Wednesday 6 April 2011

Good stories...

Sorry I missed last week! I'd had a lovely week full of annoyances, which was supposed to magically get better on Tuesday night, seeing as there were plans for awesome stuff; only, as these things go, the awesome turned out to be overshadowed by more annoyances, and I spent Wednesday being a little bundle of rage I didn't quite want to inflict on you guys.


I was supposed to roam the streets of Bratislava these days, but sadly things didn't work out and I'm stuck at home preparing for next term. At least hanging out at home means I'm cuddled up in my bed with good music blaring out of my headphones and a glass of red on my bedside table, instead of spending the night in an uncomfortable hostel bed surrounded by drunk tourists trying to recreate scenes from Eurotrip (well... possibly minus the incest).


Going back to Slovakia has been on my mind for the last five years or so, and by some weird whatever my favourite Norwegian live band (singing in Norwegian), and a Slovak band (singing in Slovak) I'm rather fond of played a gig together in Vienna, and I really wanted to go for the sheer linguistic mindfuckery (a second support act was in English), and could've easily hopped over the border afterwards and spend a few days in good ol' Bratislava drinking cheap Slovak vodka and pigging out on bryndzové pirohy (what could be better than pasta filled with mashed potatoes and stinky sheep milk cheese, drowned in fatty toppings?).


Admittedly, I left in late 2005 rather fed up with the place, although it had less to do with the country as a whole than with my particular situation. Maybe I should've known when I arrived and found out my predecessor had mysteriously disappeared. I was a volunteer at a youth centre, and since none of my colleagues spoke English (or German, or French) she was supposed to show me around etc. Yeah, that didn't work out. Instead I got a rather queasy gut feeling (not to mention friends & parents freaking out back home), and an endless hassle with rather incompetent policemen and the like. After three months we got a call from one of her friends saying she'd been so fed up with the place she decided not to take a flight back to Slovakia after a vacation, but bought a ticket home instead. In the meantime I spent two months without a functioning stove, still didn't have anyone to teach me Slovak and lived in a hotel that didn't allow me to have visitors in a town void of anyone my age. On the up side I had lovely colleagues, the kids were great and there was a lot about the place I enjoyed. But when my time was up I was more then ready to leave (and stay away a few years). I never regretted going though.


I wish I could explain my Slovakia, but lack the words to describe it adequately, and in enough depth to not reinforce stereotypes. When you move abroad you expect most stereotypes to turn out to be untrue, but I somehow always ended up in places where many were reality. My town in the states was European stereotypes of the US come alive; rural, conservative, run by extremely conservative white Christians despite being 80% Mexican, full of oversized cars, oversized people and oversized flags, full of fast food, teenage mothers and teenage binge drinking. My biology teacher apologized for having to teach evolution, my history teacher happily explained that Darwinism = social Darwinism, and I once almost got detention for saying “crap”. I usually throw in a disclaimer when I talk about the place, but I think most people here are aware that there are other towns in the states that are quite different.

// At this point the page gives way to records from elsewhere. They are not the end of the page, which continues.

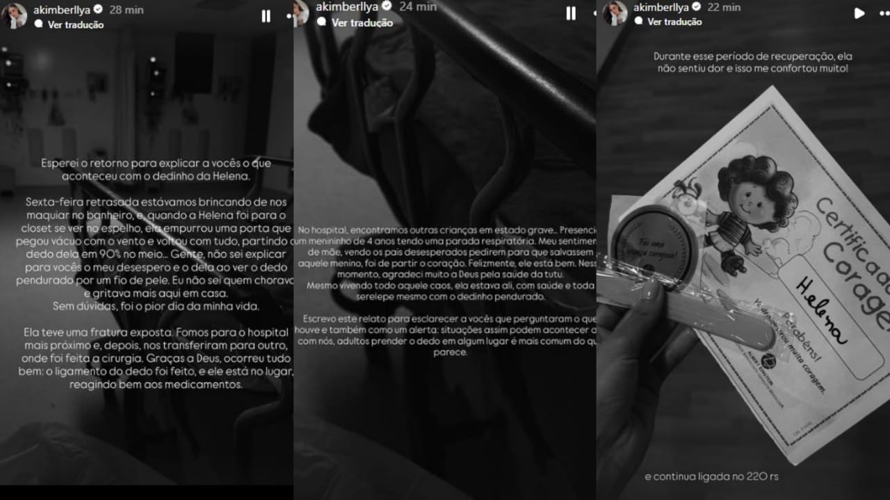 Por meio de um pronunciamento feito nos Stories do seu perfil do Instagram, a modelo declarou que esperou o retorno para explicar o que havia acontecido. "Esperei o retorno para explicar a vocês o que aconteceu com o dedinho da Helena. Sexta-feira estávamos brincando de nos maquiar no banheiro e, quando a Helena foi para o closet se ver no espelho, ela empurrou uma porta que pegou vácuo com o vento e voltou com tudo, partindo o dedo dela em 90% no meio".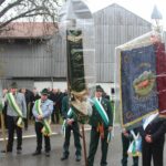 Die Fahnenabordnungen der Vereine aus der ehemaligen Gemeinde Wildenwart auf dem Weg zum Kriegerdenkmal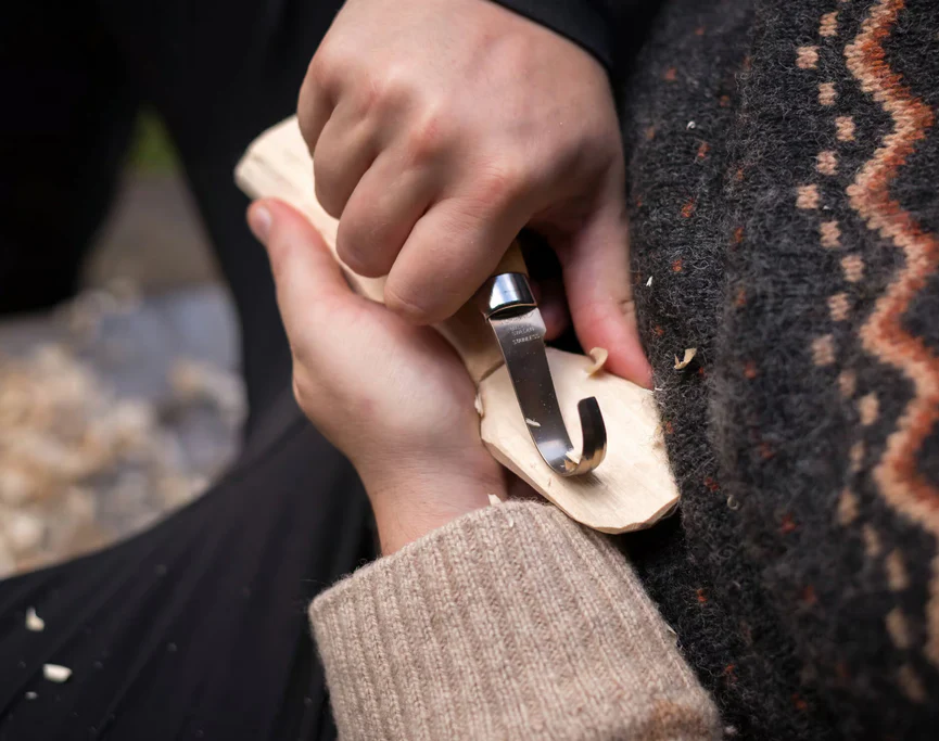 Dieses speziell entwickelte Schnitzmesser mit enger, geschliffener Krümmung wurde für Kunsthandwerker:innen weltweit entworfen. Die recycelte Edelstahlklinge aus Schweden eignet sich perfekt für ziehende Schnitzbewegungen beim Aushöhlen von Holzflächen – ideal für Löffel, Schalen oder detailreiche Vertiefungen.
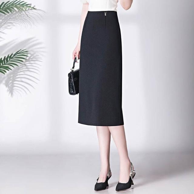 2025春秋半身裙中長裙包臀裙黑色開叉一步裙高腰彈力ol大碼包裙女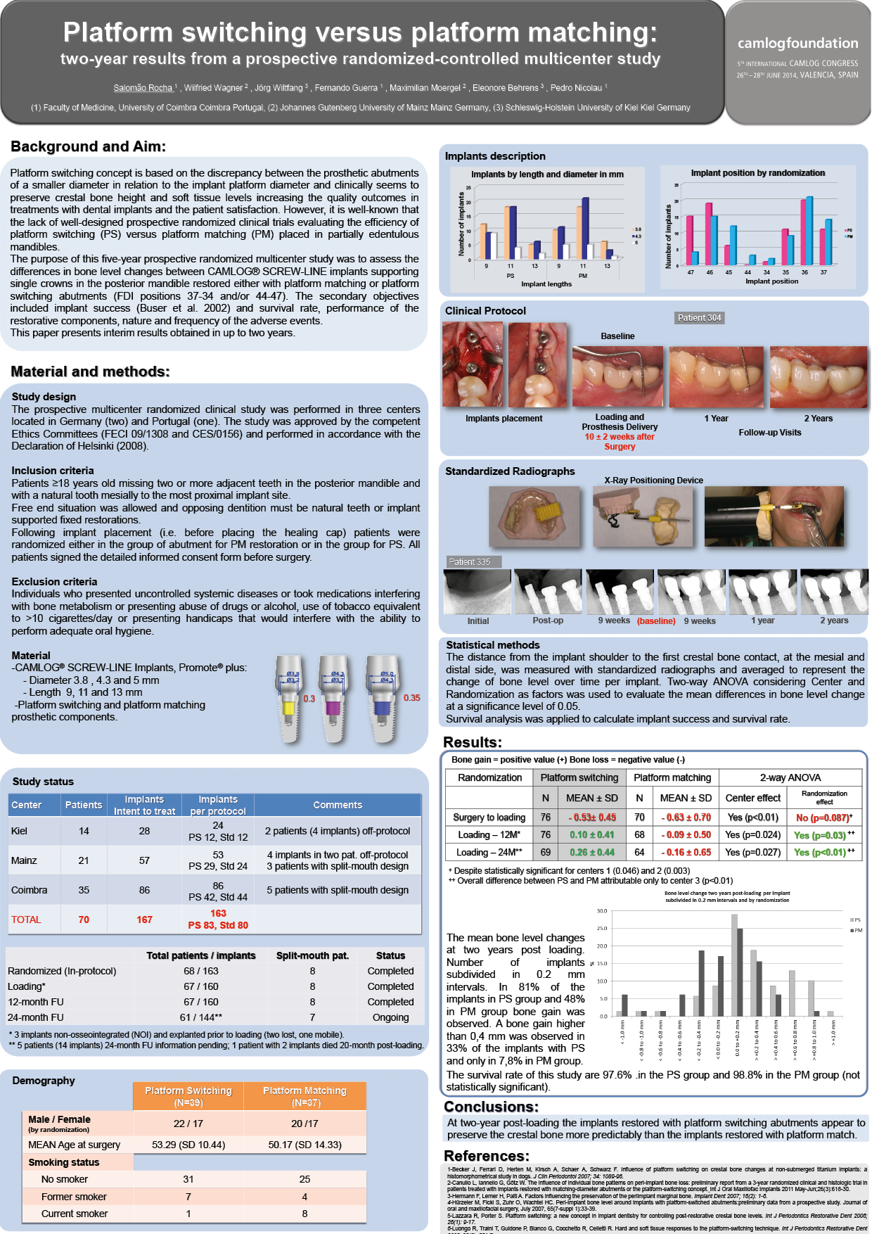 We are proud to present all accepted posters of the 2014 poster competition which took place on the occasion of the 5th International CAMLOG Congress, Valencia, Spain.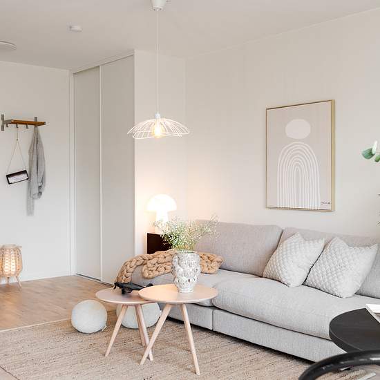 Lägenheten är nybyggd och är smakfullt inredd med trägolv av vit mattlackad ek och ljusmålade väggar. Det här är ett smart planerat boende med all standard som behövs för ett bekvämt boende. Köken är vackert skogsgröna och utrustade med spishäll, ugn, mikro, diskmaskin och kombinerad kyl/frys. Badrummen har vitt kakel, ljusgrå klinker och en kommod i sandbeige kulör. I fastigheten finns en välutrustad tvättstuga med tvättmaskin, torktumlare, torkskåp, mangel och diskbänk. I bottenvåningen finns också ett generöst cykelrum med verkstadsplats....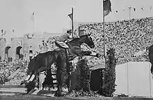 The jumping competition had 11 riders from 4 nations. While individual medals were awarded, none of the teams managed to have three riders finish the course so team medals were not awarded.[2] The 18-obstacle, 20-effort course was 1,060 meters in length, and included two fences at 1.60 meters, a very difficult wall, and a water that was 5 meters in width. 100,000 spectators were present at the show jumping competition.
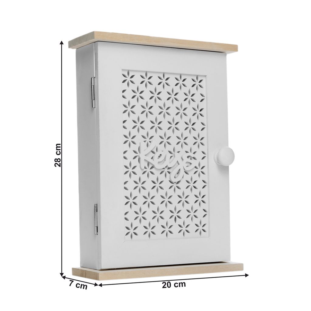 Schluss mit dem Chaos auf dem Flur! Dieser stylische Schlüsselschrank aus MDF-Holz bringt Ordnung in dein Zuhause. Mit den Maßen 6,5x27x20cm findet er an fast jeder Wand Platz und sieht dabei noch richtig gut aus.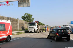 Nach einem Verkehrsunfall zwischen einem Lkw und Pkw kam ein Fahrzeug schwerbeschädigt gegen die Fahrtrichtung auf der zweiten Fahrspur verkehrsbehindernd zum Stillstand. Die verletzte Lenkerin wurde beim Eintreffen der Feuerwehr bereits vom Rettungsdienst betreut und zur weiteren Behandlung ins Krankenhaus gebracht.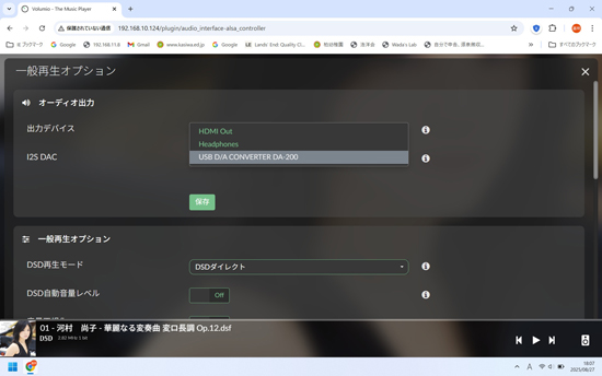 Volumioの設定で、一般再生オプションのオーディオ出力で、出力デバイスには、「USB D/A CONVERTER DA-200」を選びます。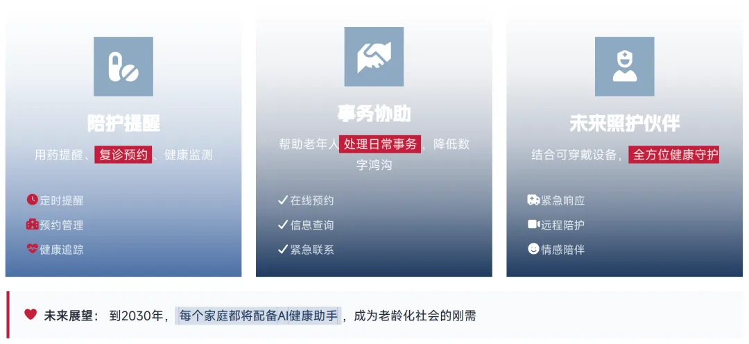 OpenClaw 在医疗与养老领域可提供智能陪护服务,核心能力包括:定时提醒用户用药,完成复诊预约,配合可穿戴设备实现健康监测;帮助老年人处理线上缴费、业务办理等日常事务,降低数字鸿沟带来的不便。行业展望显示,到 2030 年,每个家庭都将配备此类 AI 健康助手,将成为老龄化社会的刚需产品。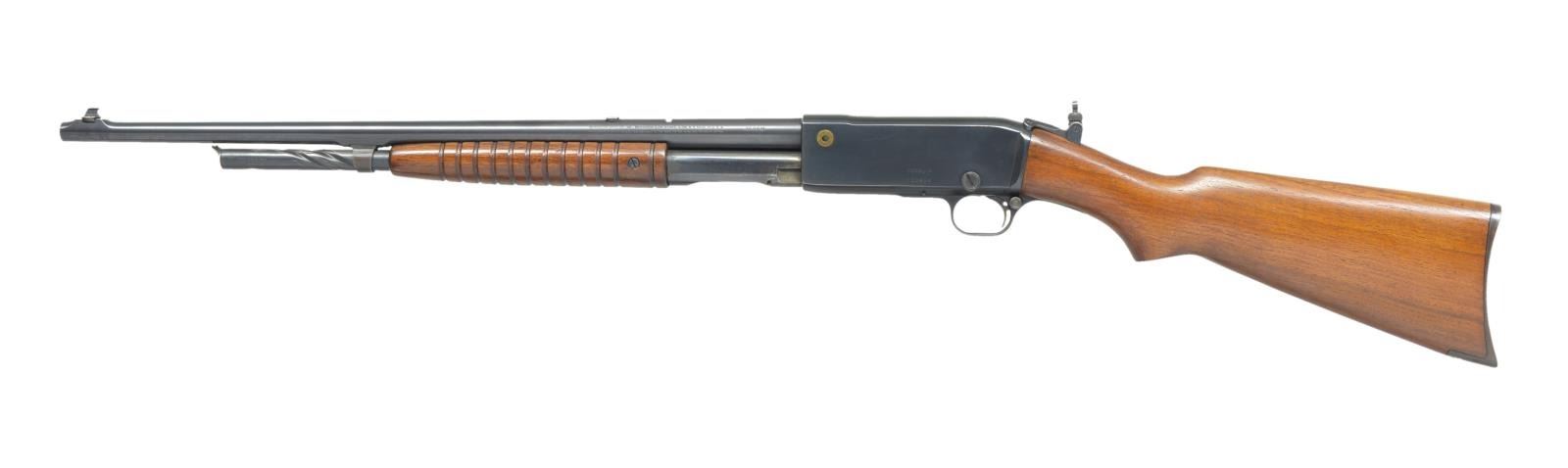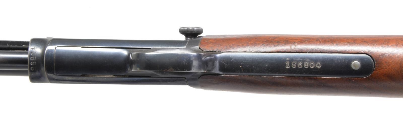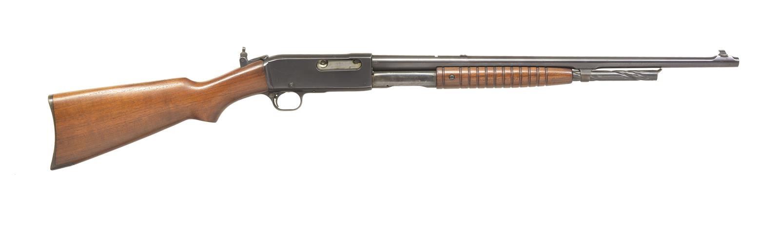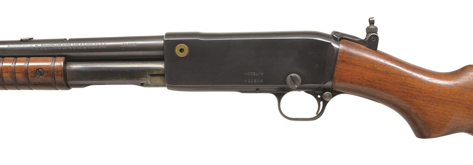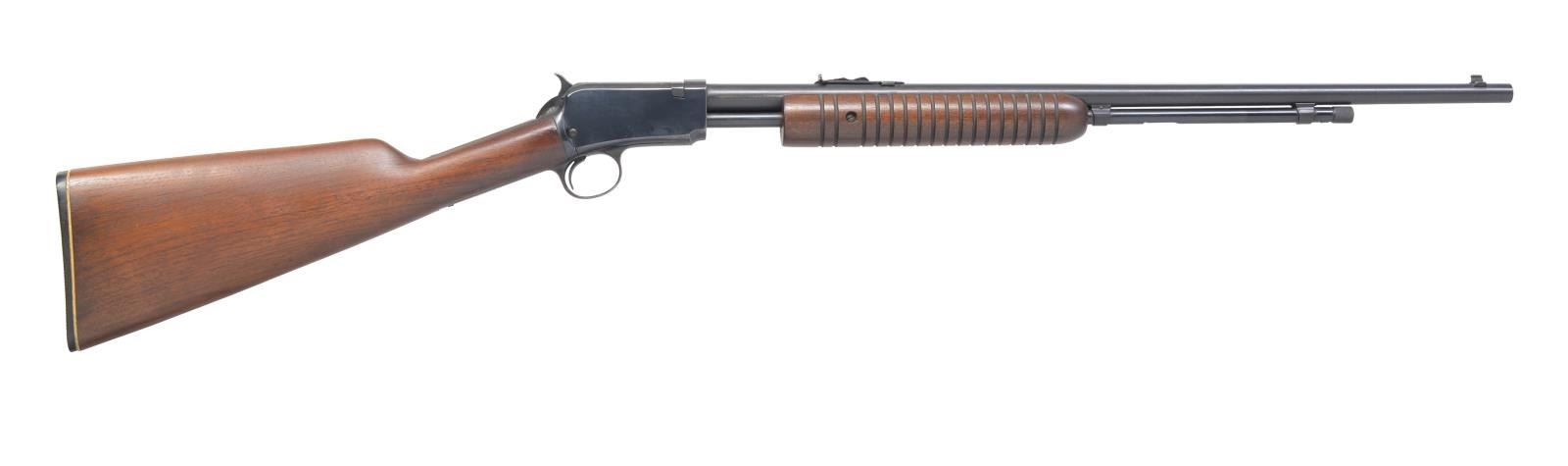 RIFLES. 1) WINCHESTER MODEL 62 PUMP. Cal. 22 S, L, LR. S# 186804. Bbl. 23" rnd. w/ original sporting sights. Tubular mag. Lg. rnd. grooved forearm & straight grip walnut stock w/ plastic buttplate & added white line spacer. CONDITION: over 90% original blue. Wood shows scattered scratches & marks. 1 Forend screw is missing. Bore is bright w/ strong rifling showing a few sm. spots. (19-5449/DS). CURIO. 2) REMINGTON MODEL 14 PUMP. Cal. 35 Rem. S# 103934. Bbl. 22" rnd. Ramp mounted bead front sight, filler in rear dovetail w/ Lyman tang sight. Tubular mag. Grooved walnut forearm & pistol grip stock w/ grooved steel buttplate. CONDITION: 80% lightly worn blue showing scratches & marks. Forearm has lightly worn finish showing marks. Stock is heavily sanded & refinished. Bore is bright w/ sharp rifling. (19-5456/DS). CURIO. 3) MARLIN GLENFIELD MODEL 75 AUTOLOADING RIFLE. Cal. 22 LR. S# 70237082. Bbl. 18" rnd. w/ band mounted blade front sight & elevator adj. sporting rear sight. Glenfield 4x gloss finished scope w/ standard crosshairs on tip off mts. Tubular mag. Band fastened carbine style hardwood stock w/ plastic buttplate & sling swivels. CONDITION: over 90% metal finish w/ bbl. showing spots of freckling. Stock has good original finish showing sm. marks. Bright bore w/ sound Micro-groove rifling. Scope has clear optics. (19-5481/DS). MODERN. $650-1,000.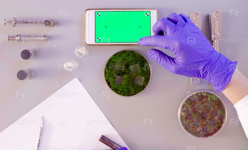 Ученый прокручивает смартфон с зеленым экраном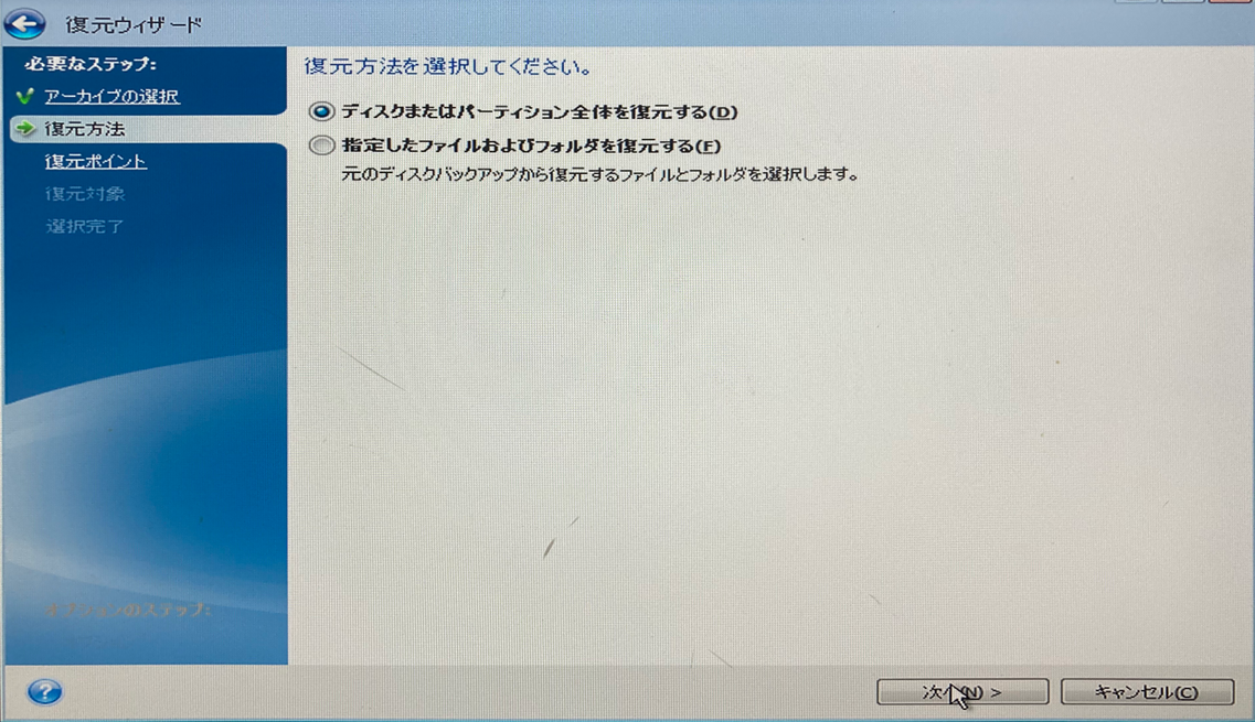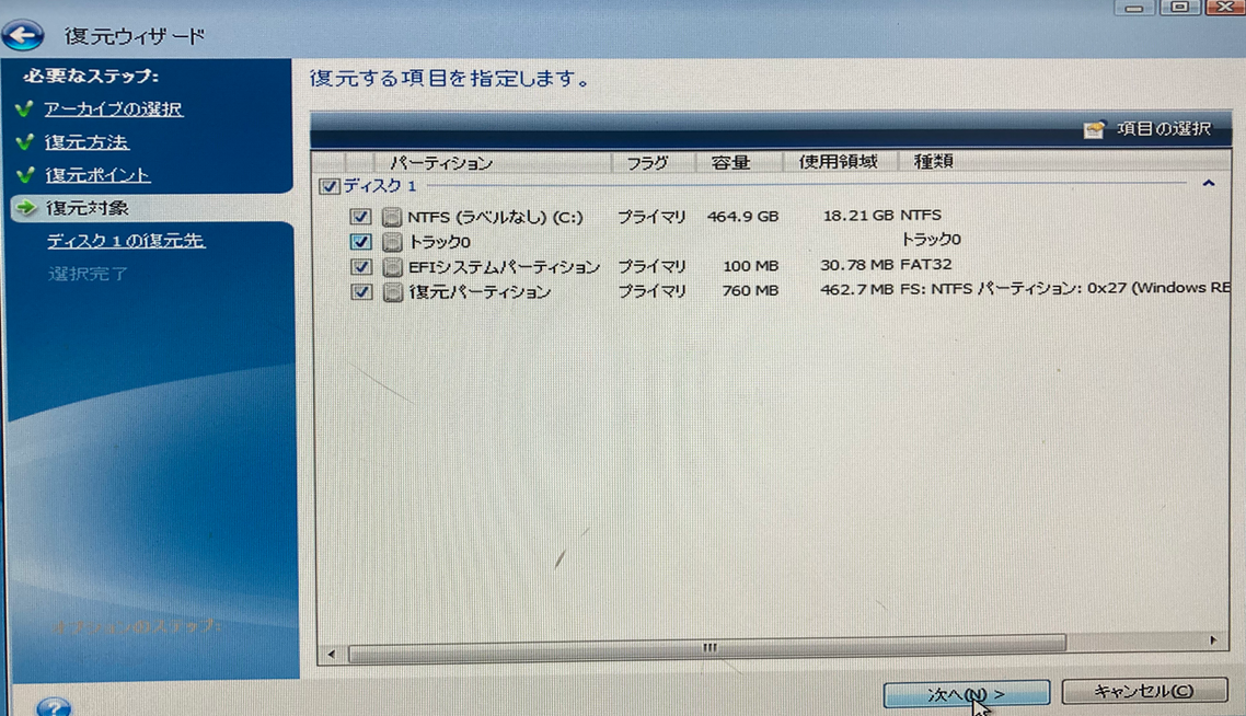 リカバリ(復元)の手順 ※Acronis2021を使用した復元方法

Slovakia is more difficult, since hardly anyone knows anything about it (and a lot of people confuse it with Slovenia). It's somewhere there, out east, where all the places are rather run down and corrupt. In fact the Austrian border is only a stone's throw from the capital, and the west is quite comfortably hanging out with the rest of western Europe. Things are different (read: more conform to stereotypes) out east, but it'd be unfair to reduce the entire country to that. Every time I offhandedly throw out an anecdote, I feel the need to explain, but people tend to lose interest once the story is over. And really there isn't much I can say besides “it's different out west”, because I haven't actually spent more than a few weekends there, or to go into an extremely long rant about things I can't quite explain, least of all to people who've spent their entire life safely tucked away in western Europe or North America. To me it's such an amazing place, but it's hard to convey, especially since good stories rarely make good stories.


So I guess that's what I ought to do... find more good stories that are worth telling.

1 comment:

  1. You have intrigued me, I honestly don`t know a lot about Slovakia I am interested to hear more about your experience of it sometime.